Neuroscientist and Einstein Visiting Fellow Panayiota Poirazi builds computational models of the tree-like dendrites that exist in the brain to better understand their role and to translate their functions into artificial knowledge. One of her aims is to teach algorithms to base their learning on prior knowledge in the same way that humans do.
Dendrites spread like tree branches, which is why their name stems from the Greek word dendron meaning tree. However, some people also call them butterflies of the brain because they seem to fly out of the neurons’ cell bodies as if they are trying to escape somewhere. You can think of this as a process of continuous growth. They form very elaborate structures, which are different for every cell type in the brain. To me, they are highly artistic.
I’m a dendrites aficionado. I want to come to a very detailed understanding of how these structures contribute to brain computations such as memory, the ability to change in response to learning, and the ability to adjust to environmental changes. But I also want to find ways to transfer these computations into artificial systems to create better machine learning algorithms. We have already seen major progress in this. Artificial intelligence has been able to solve problems in video games and, more recently, the protein folding problem. The ability to mimic reasoning is a problem that still needs to be solved, namely the ability to make decisions based on logical conclusions or learn new tasks by capitalizing on known things. We think that some features of dendrites could improve this kind of “transfer learning” in artificial systems if we are able to translate them into our models.

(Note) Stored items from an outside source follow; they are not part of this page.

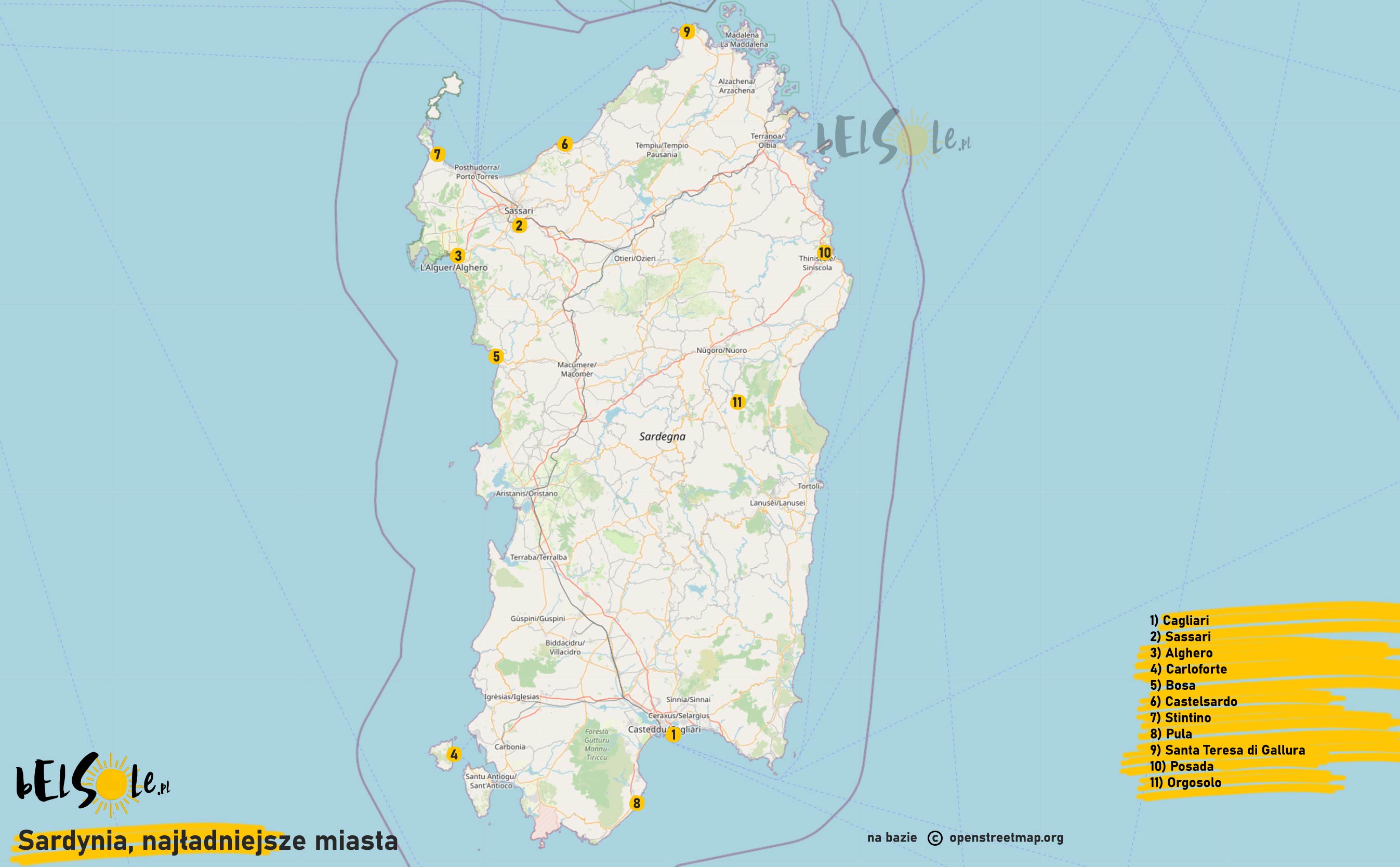 1) Cagliari 2) Sassari 3) Alghero 4) Carloforte 5) Bosa 6) Castelsardo 7) Stintino 8) Pula 9) Santa Teresa di Gallura 10) Posada 11) Orgosolo
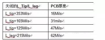 根据PCB的不同厚度,需要调整MIFA天线的长度,这样才能调整天线辐射的阻抗和频率选择。根据不同的电路板厚度,赛普拉斯提供了下面各天线长度。
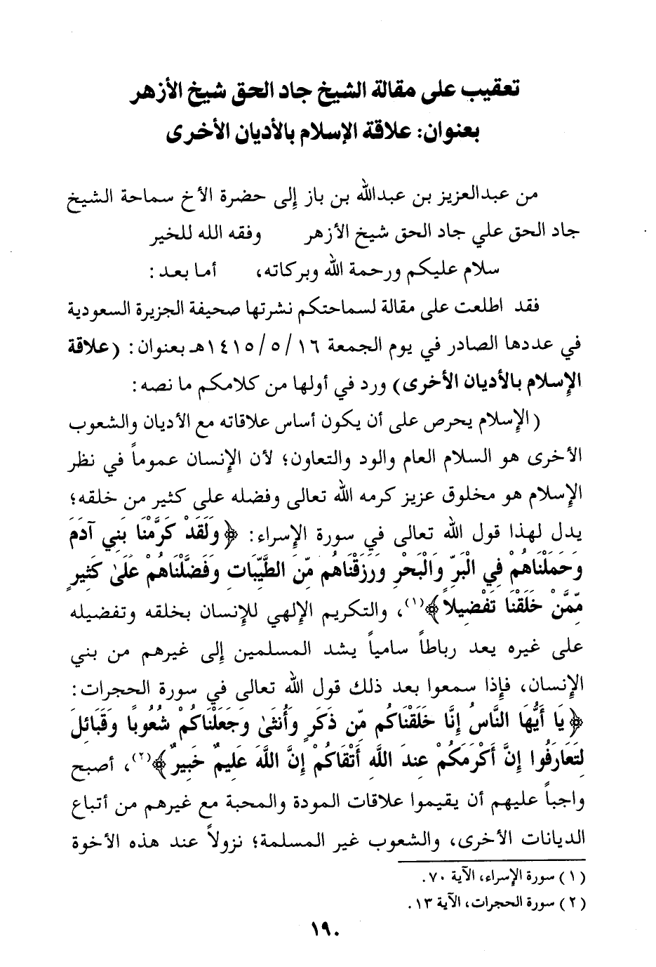فقد اطلعت على مقالة لسماحتكم نشرتها صحيفة الجزيرة السعودية في عددها الصادر في يوم الجمعة 16 \ 5 \ 1415 هـ بعنوان: (علاقة الإسلام بالأديان الأخرى) ورد في أولها من كلامكم ما نصه:
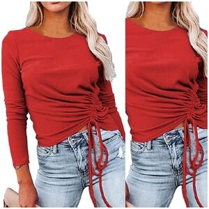 NWT MIXED THREADS Ribbed Long sleeve Crewneck Cinched Detail LARGE

I have always wanted to work on the experimental side of neuroscience as well. Collaborating with Matthew Larkum’s lab at the Humboldt University of Berlin – one of the best labs in the world for studying dendrites – provides a unique opportunity to master the experimental skills we want to start using in our home lab. It is a bi-directional project. The idea is to transfer all the experimental data we get from the Berlin lab into computational models. We have already published a major finding in Science in 2020, based on a discovery by the Berlin lab of a completely new computation carried out by human dendrites; a local response which we call the dendritic spike. We then used models to show that a dendrite with this particular computation can solve the Exclusive-OR (XOR) problem; a mathematical problem, which was thought to be solvable only by large neural networks. This might help to explain the differences between human and animal brains.

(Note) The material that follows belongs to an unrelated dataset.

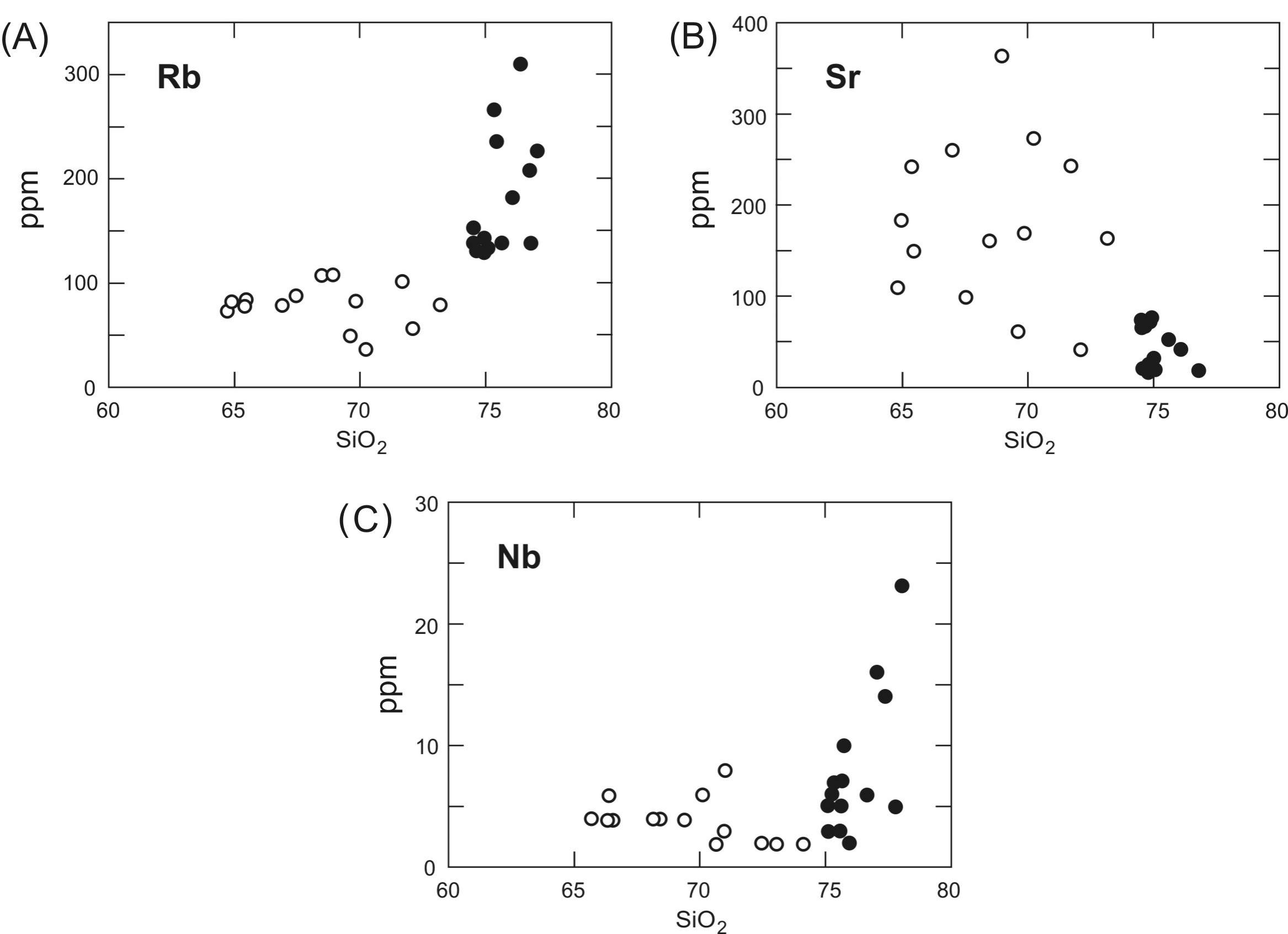 Se observa una diferencia notable entre los contenidos de los elementos en trazas de ambas litologías. En la figura 6 se indican las variaciones de algunos de estos elementos versus el contenido en SiO2. El Rb se enriquece en forma hiperbólica con el incremento del contenido de SiO2, desde las granodioritas hacia los monzogranitos (Fig. 6). El Sr de las granodioritas tiene una amplia dispersión, pero de modo general muestra una tendencia descendente con el incremento del contenido de SiO2. Para los monzogranitos, el Sr desciende linealmente dentro de su estrecho contenido de sílice (Fig. 5). La distribución de Nb es ligeramente descendente con el incremento de SiO2 para las granodioritas, y en los monzogranitos asciende linealmente entre 1 y 24 ppm dentro de su estrecho rango del contenido de SiO2 (Fig. 6).
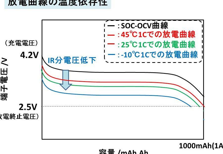- 放電効率への影響: 一方、高温によって副反応が進行しやすくなるため、本来のエネルギー供給能力が低下する可能性があります。

We are also jointly looking into behavioural flexibility. We want to understand how the brain allows us to adapt to changes in the environment. Our hypothesis is that dendrites play an important role in this. We are hoping to figure out the basic mechanism behind it, with a combination of experiments in mice and computational models – including optogenetic methods, a technique allowing to control cell activity with light. If we find answers, we might be able to propose new targets for pharmaceutical interventions that could help people with adaptability or flexibility problems that occur in patients with depression or schizophrenia, and in normal aging. But this can only be the second stage in the process. I am a strong proponent of the blue-sky approach. History has told us that the greatest scientific discoveries were achieved when people were free to explore crazy ideas. And let’s not forget that a huge number of scientific discoveries were made by chance.